#### [Exercise description]
Keep the images out while you set down the data exactly.

#### [Given records]
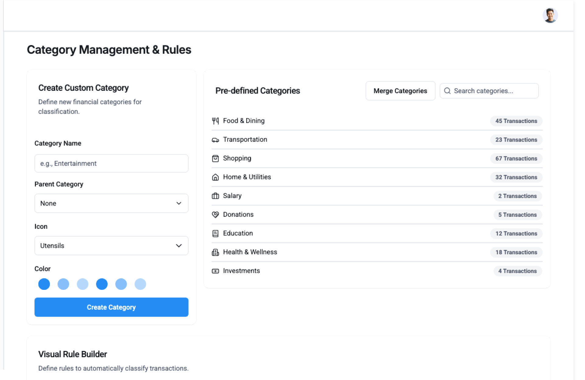- Custom category and rule configuration
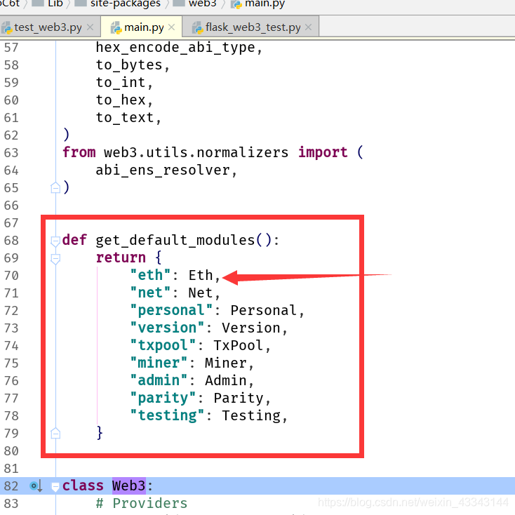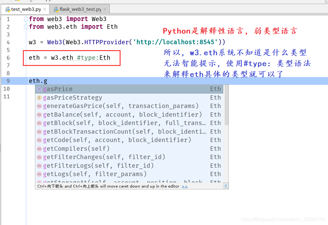 至于为什么w3.eth无法直接提示,可以看web3.py的源代码你会发现Web对象中根本就没有直接的属性“eth”,而是通过字典封装的!所有无法直接提示
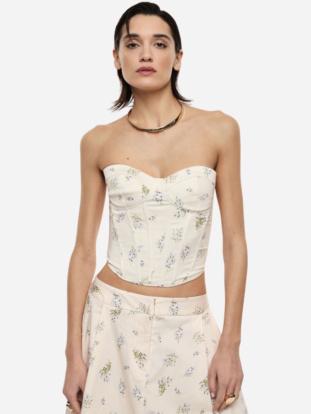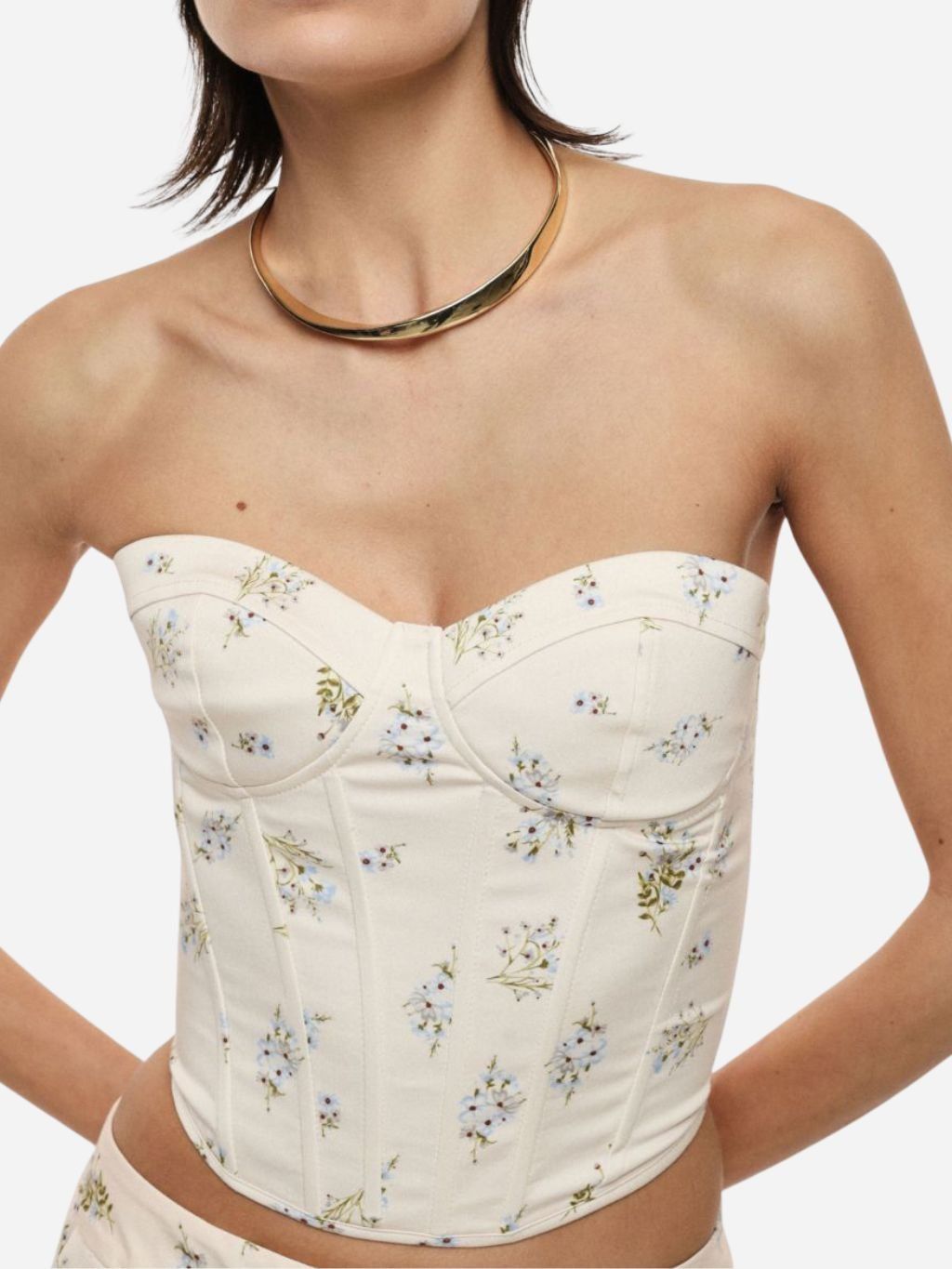 Elegantný korzetový top bez ramienok s jemným kvetinovým vzorom pôsobí žensky a sofistikovane. Tvarovaný strih krásne zvýrazní siluetu a vytvorí moderný, minimalistický look. Top je súčasťou kolekcie, v ktorej nájdeš aj ladiacu sukňu a sako, vďaka čomu si môžeš vytvoriť dokonalý komplet na špeciálne príležitosti aj štýlové mestské outfity.
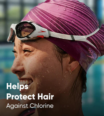 - Cap helps protect hair against chlorine
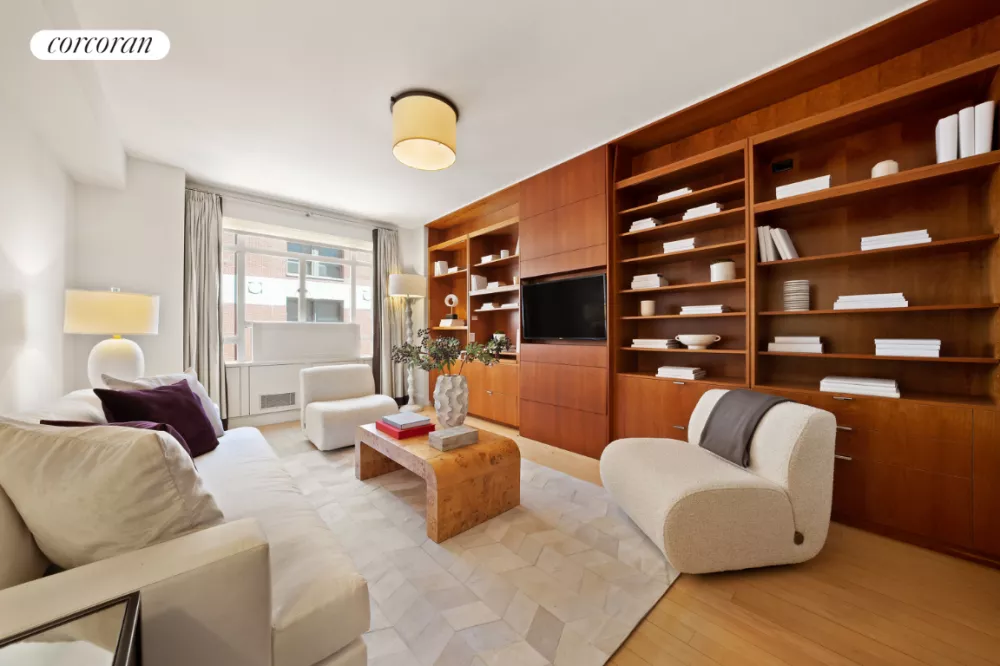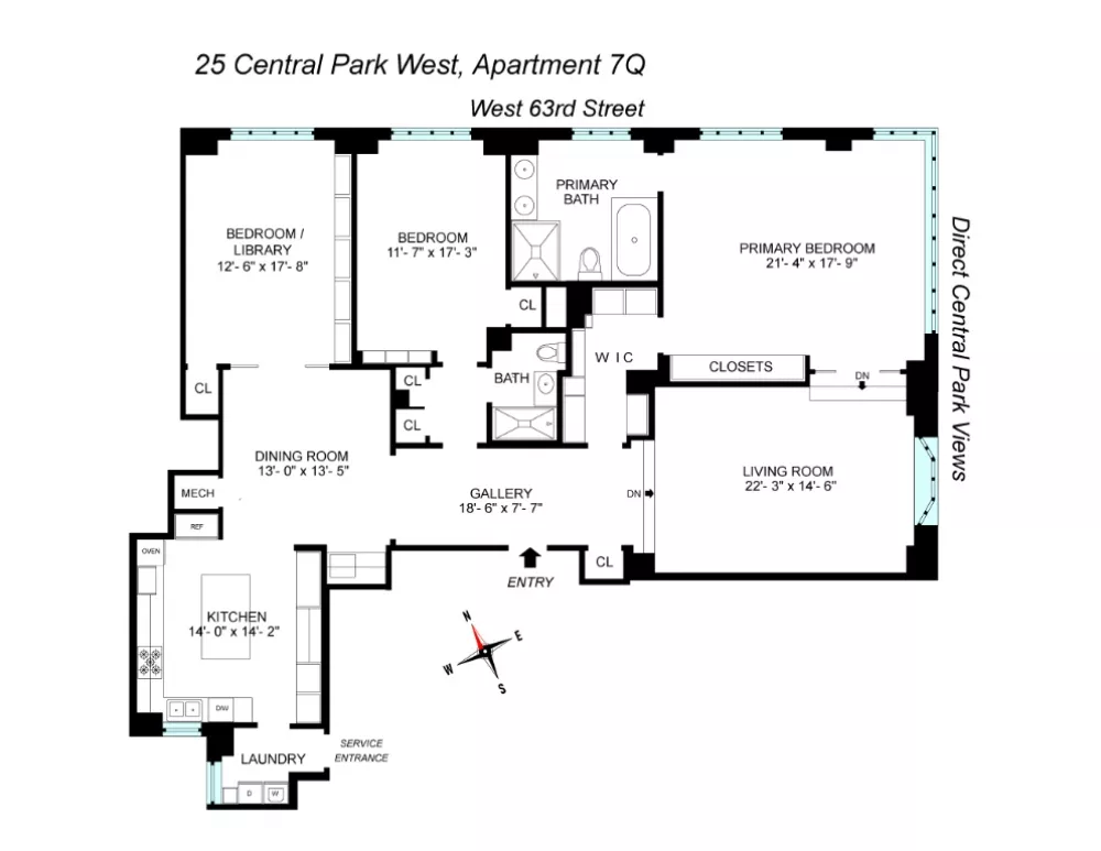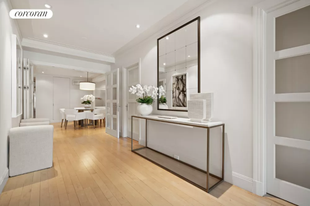 The very gracious 18 X 8 entry foyer is a wonderful centerpiece from which all rooms are approached and includes immediate views of Central Park. The living room includes a marvelously large window span offering eye-catching Central Park views east across the park and to the south along the Central Park South skyline. Opposite the living room, a separate dining room with built-in bar cabinet easily accommodates dining on a large scale. A comfortable library/media room adjacent the dining room (can double as a third bedroom) includes a wall of custom bookcases and offers a cozy contrast to the larger living space. The spacious windowed kitchen is a chef's dream with a center island and abundant storage. The vast corner primary bedroom suite, down a separate hall off the foyer, captivates with open views of Central Park and includes a luxuriously spacious windowed bath with tub and stall shower and separate sitting area. A second bedroom with beautifully outfitted marble tiled en-suite bath with stall shower completes the layout. The apartment includes hardwood floors throughout and features a separate laundry room with access to a major service elevator - a considerable advantage for deliveries, construction, and moving in and out.

#### [Output]
- Custom category and rule configuration
 至于为什么w3.eth无法直接提示,可以看web3.py的源代码你会发现Web对象中根本就没有直接的属性“eth”,而是通过字典封装的!所有无法直接提示
 Elegantný korzetový top bez ramienok s jemným kvetinovým vzorom pôsobí žensky a sofistikovane. Tvarovaný strih krásne zvýrazní siluetu a vytvorí moderný, minimalistický look. Top je súčasťou kolekcie, v ktorej nájdeš aj ladiacu sukňu a sako, vďaka čomu si môžeš vytvoriť dokonalý komplet na špeciálne príležitosti aj štýlové mestské outfity.
 - Cap helps protect hair against chlorine
 The very gracious 18 X 8 entry foyer is a wonderful centerpiece from which all rooms are approached and includes immediate views of Central Park. The living room includes a marvelously large window span offering eye-catching Central Park views east across the park and to the south along the Central Park South skyline. Opposite the living room, a separate dining room with built-in bar cabinet easily accommodates dining on a large scale. A comfortable library/media room adjacent the dining room (can double as a third bedroom) includes a wall of custom bookcases and offers a cozy contrast to the larger living space. The spacious windowed kitchen is a chef's dream with a center island and abundant storage. The vast corner primary bedroom suite, down a separate hall off the foyer, captivates with open views of Central Park and includes a luxuriously spacious windowed bath with tub and stall shower and separate sitting area. A second bedroom with beautifully outfitted marble tiled en-suite bath with stall shower completes the layout. The apartment includes hardwood floors throughout and features a separate laundry room with access to a major service elevator - a considerable advantage for deliveries, construction, and moving in and out.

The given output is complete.